**WHAT IS NEEDED:**
The whole listing below should be printed again exactly, with no images.

**SUPPLIED INFORMATION:**
══════════════════════════════

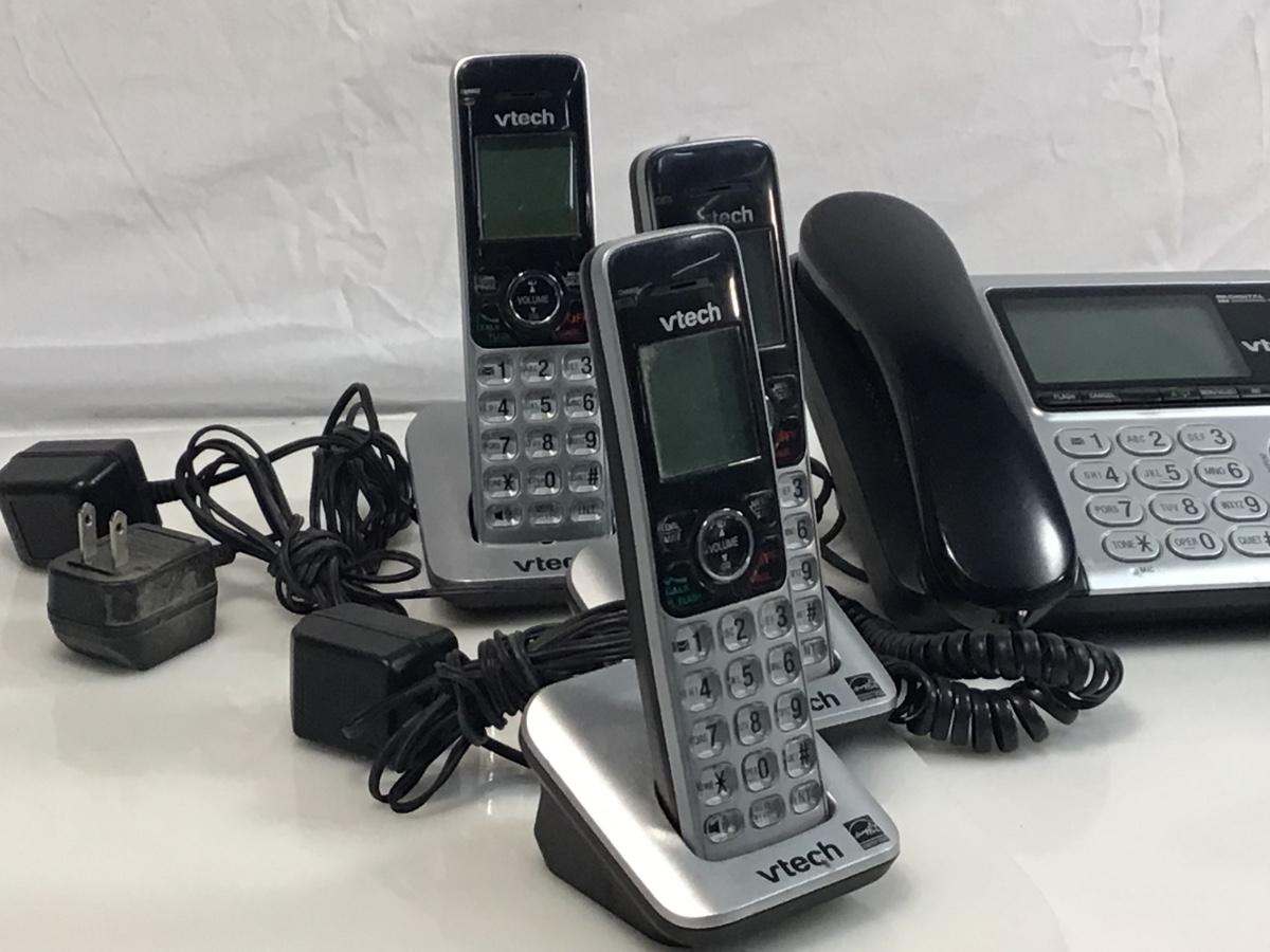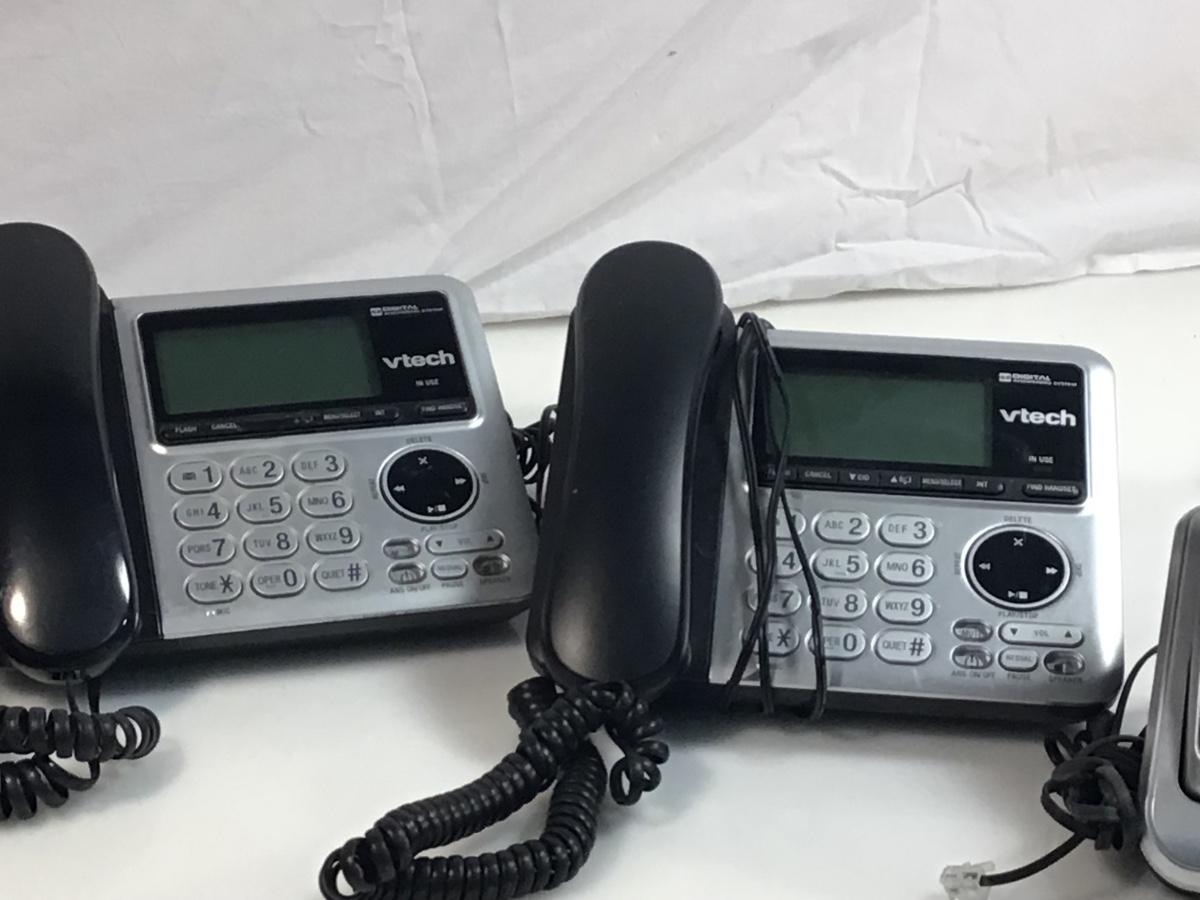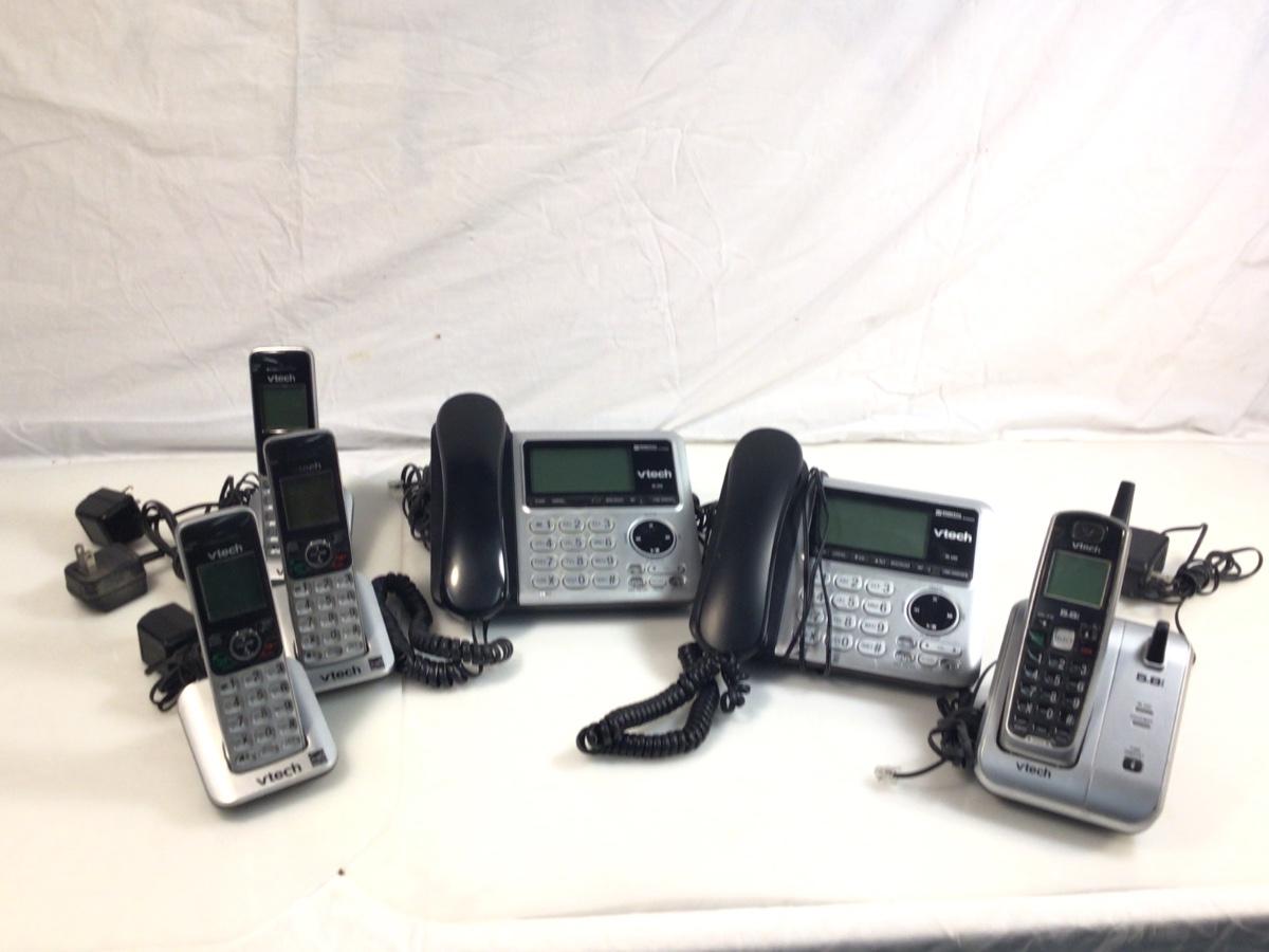 This lot comes included with 4 regular vtech hour phones, 3 come with regular phone docks, with one having an antenna with a voice messaging dock. Also includes 2 curly cord multi-purpose voice message docks. All phones are in working condition.
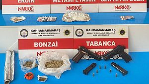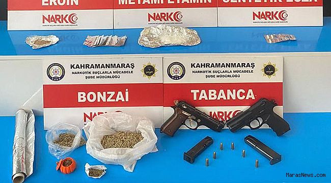 Alınan bilgilere göre, İl Emniyet Müdürlüğü Narkotik Suçlarla Mücadele Şube Müdürlüğü görevlilerince gerçekleştirilen operasyonda takibe alınan E.B. (27) uyuşturucu alışverişi esnasında suçüstü yakalandı. Kahramanmaraş Cumhuriyet Başsavcılığı ile koordineli olarak gerçekleştirilen operasyonda yakalanan şüphelinin ikametinde çeşitli miktarlarda farklı uyuşturucu maddeler, 2 adet tabanca ile 6 adet fişek ve uyuşturucu paketlemede kullanılan materyaller ele geçirildi.
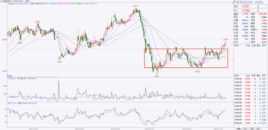 昨晚操作了一次,做多了菜油。油脂从2020年涨到现在,现在的技术图形我觉的值得试一下多单。

══════════════════════════════

**ANSWER FOR THIS EXERCISE:**
 This lot comes included with 4 regular vtech hour phones, 3 come with regular phone docks, with one having an antenna with a voice messaging dock. Also includes 2 curly cord multi-purpose voice message docks. All phones are in working condition.
 Alınan bilgilere göre, İl Emniyet Müdürlüğü Narkotik Suçlarla Mücadele Şube Müdürlüğü görevlilerince gerçekleştirilen operasyonda takibe alınan E.B. (27) uyuşturucu alışverişi esnasında suçüstü yakalandı. Kahramanmaraş Cumhuriyet Başsavcılığı ile koordineli olarak gerçekleştirilen operasyonda yakalanan şüphelinin ikametinde çeşitli miktarlarda farklı uyuşturucu maddeler, 2 adet tabanca ile 6 adet fişek ve uyuşturucu paketlemede kullanılan materyaller ele geçirildi.
 昨晚操作了一次,做多了菜油。油脂从2020年涨到现在,现在的技术图形我觉的值得试一下多单。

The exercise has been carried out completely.